Le regard de Madi se posa sur la silhouette de l’immense croix Saint-Antoine, qui dominait les ruines. Un court instant, la silhouette lui parut plus nette, contrastée, comme légèrement éclairée.

Les phares puissants d’un véhicule ?

Etrange.

Le même phénomène se reproduisit quelques secondes plus tard. Le haut de la croix irradiait.

— C’est quoi, cette lumière ? demanda l’adolescente.

Le père Duval, d’habitude silencieux, fut le plus prompt à répondre.

— Le halo du phare des Enchaînés. Il est assez loin mais il parvient à éclairer tous les points les plus hauts de l’île.

L’adolescente hurla presque.

— Vous avez des jumelles, l’abbé ?

Le père Duval sourit en entendant Madi l’appeler l’abbé.

— Oui. Au camp…

— Et du phare, on voit presque toute l’île ? demanda-t-elle.

— Non, corrigea le père Duval. Une petite partie seulement. Seulement ce qui est éclairé. Seulement les points les plus hauts. Les endroits dégagés.

— Il y a un autre point plus haut sur l’île ? enchaîna Armand. Un meilleur poste d’observation ?

— Non, assura le père Duval. Mais…

— Je peux avoir les clés, affirma Delpech. Le gardien est un vieux copain. Il suffit de passer au port de Saint-Argan.

— On fonce, cria Madi.

— Du calme, les enfants, tempéra Delpech. On ne verra presque rien du phare. Surtout de nuit. Nos chances sont presque nulles.

— Pourquoi vous venez alors ?

Clara boutonna la veste sur sa robe et répondit avant le journaliste.

— Parce que le grand Didier Delpech déteste être là où sont les autres reporters. Dans quelques heures, l’entrée du tunnel sera mitraillée par la presse nationale. Mais Delpech, lui, sera déjà ailleurs… Alors pourquoi pas au phare, après tout !

Une minute plus tard, tous les cinq s’entassaient dans la 106 de Delpech. Le journaliste conduisait. Le père Duval, qui dépassait allègrement les cent kilos, insista pour monter à l’avant. Armand se précipita pour monter à l’arrière le premier, au centre de la banquette, puis laissa, fesses contre fesses, cuisses contre cuisses, Clara et Madi se serrer contre lui.

Delpech s’arrêta rapidement dans la cour du camp. Le père Duval descendit pour chercher sa paire de jumelles et revint, trottinant, essoufflé.

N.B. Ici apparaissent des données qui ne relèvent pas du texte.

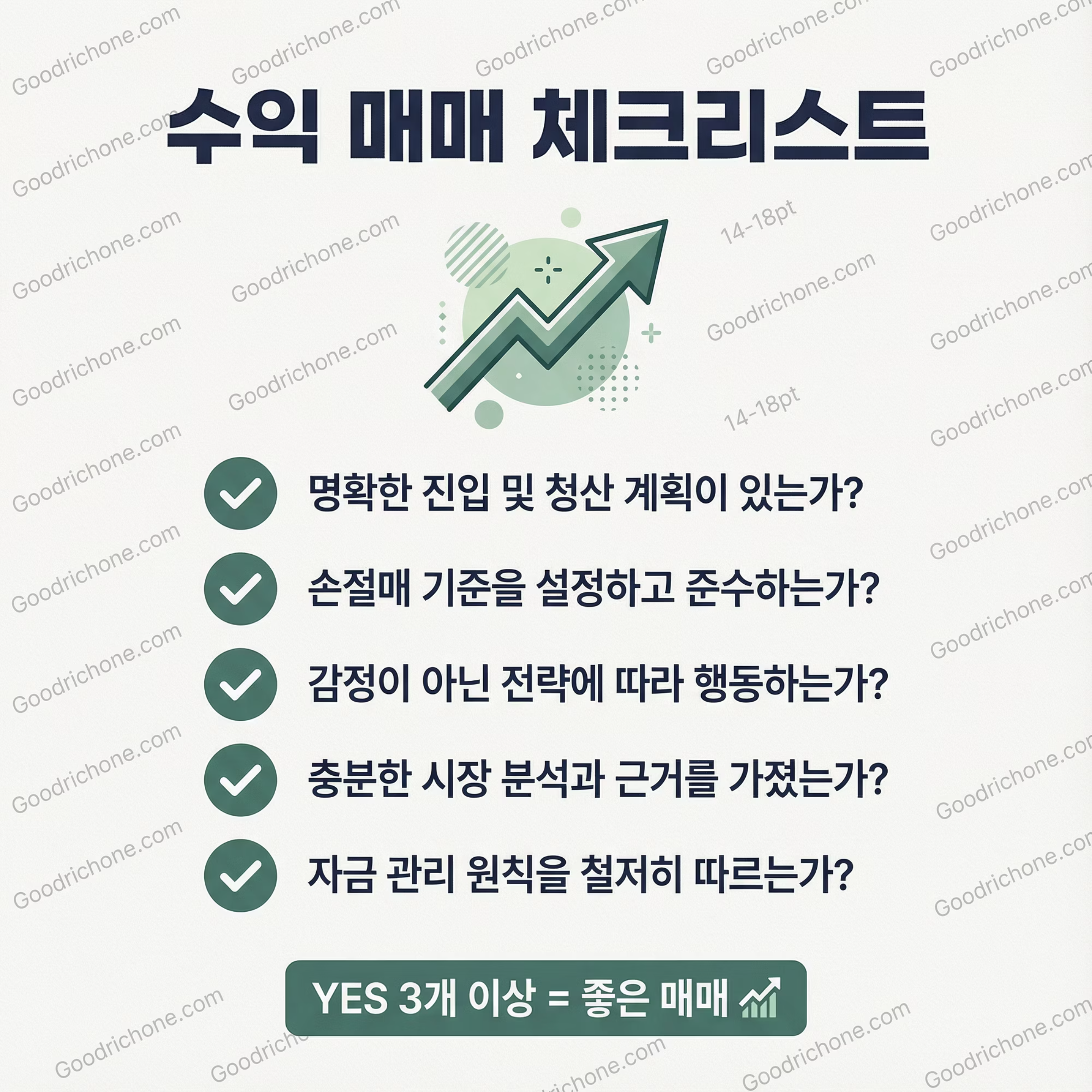 👉 YES가 3개 이상이면 ‘좋은 매매’입니다.

Ils repartirent, laissant derrière eux, réveillés, étonnés, inquiets, les autres adolescents du camp, encadrés par Yoyo et Stéphanie.

Ils foncèrent jusqu’au port de Saint-Argan. Delpech se gara face à la capitainerie et sonna. Il glissa quelques mots dans un interphone. La lumière s’alluma dans l’ensemble du bâtiment moderne. Au bout de plusieurs secondes, un type mal réveillé ouvrit la porte et confia un jeu de clés à Delpech. Il courut à son tour jusqu’à la voiture.

— C’est bon, je l’ai.

Ils franchirent en trombe les quelques kilomètres qui les séparaient du phare des Enchaînés. Delpech se gara au plus près, presque sur la digue.

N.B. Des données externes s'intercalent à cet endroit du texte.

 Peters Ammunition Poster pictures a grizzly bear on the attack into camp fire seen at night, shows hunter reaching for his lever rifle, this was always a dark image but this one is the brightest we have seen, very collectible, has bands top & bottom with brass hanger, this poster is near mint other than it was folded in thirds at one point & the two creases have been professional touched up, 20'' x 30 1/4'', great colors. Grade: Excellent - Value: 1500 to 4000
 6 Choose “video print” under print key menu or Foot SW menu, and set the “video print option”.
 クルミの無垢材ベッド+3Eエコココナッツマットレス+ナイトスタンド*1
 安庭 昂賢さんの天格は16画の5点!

— Construit en 1834, commenta le père Duval. Haut de cinquante-trois mètres. Pas le plus haut de France, loin de là. Mais tout de même… Il est à peu près de la hauteur du phare de Goury à la pointe de la Hague ou du phare de Granville sur la pointe du Roc.

Ils marchèrent une vingtaine de mètres. L’édifice était entièrement éclairé. On accédait au phare par un petit sentier recouvert de gravier. En s’approchant, ils découvrirent l’imposante colonne hexagonale de pierres grises, presque sans aspérités. De bas en haut du phare, une dizaine de lucarnes rondes, jaune pâle, pouvaient figurer les boutonnières impeccablement alignées d’un immense uniforme.

Delpech tâtonna un peu avec ses clés. Enfin, la porte s’ouvrit.

— Deux cent vingt-trois marches, indiqua le père Duval.

— Passez devant, mademoiselle, proposa galamment Armand à Clara.

Autant joindre l’utile à l’agréable.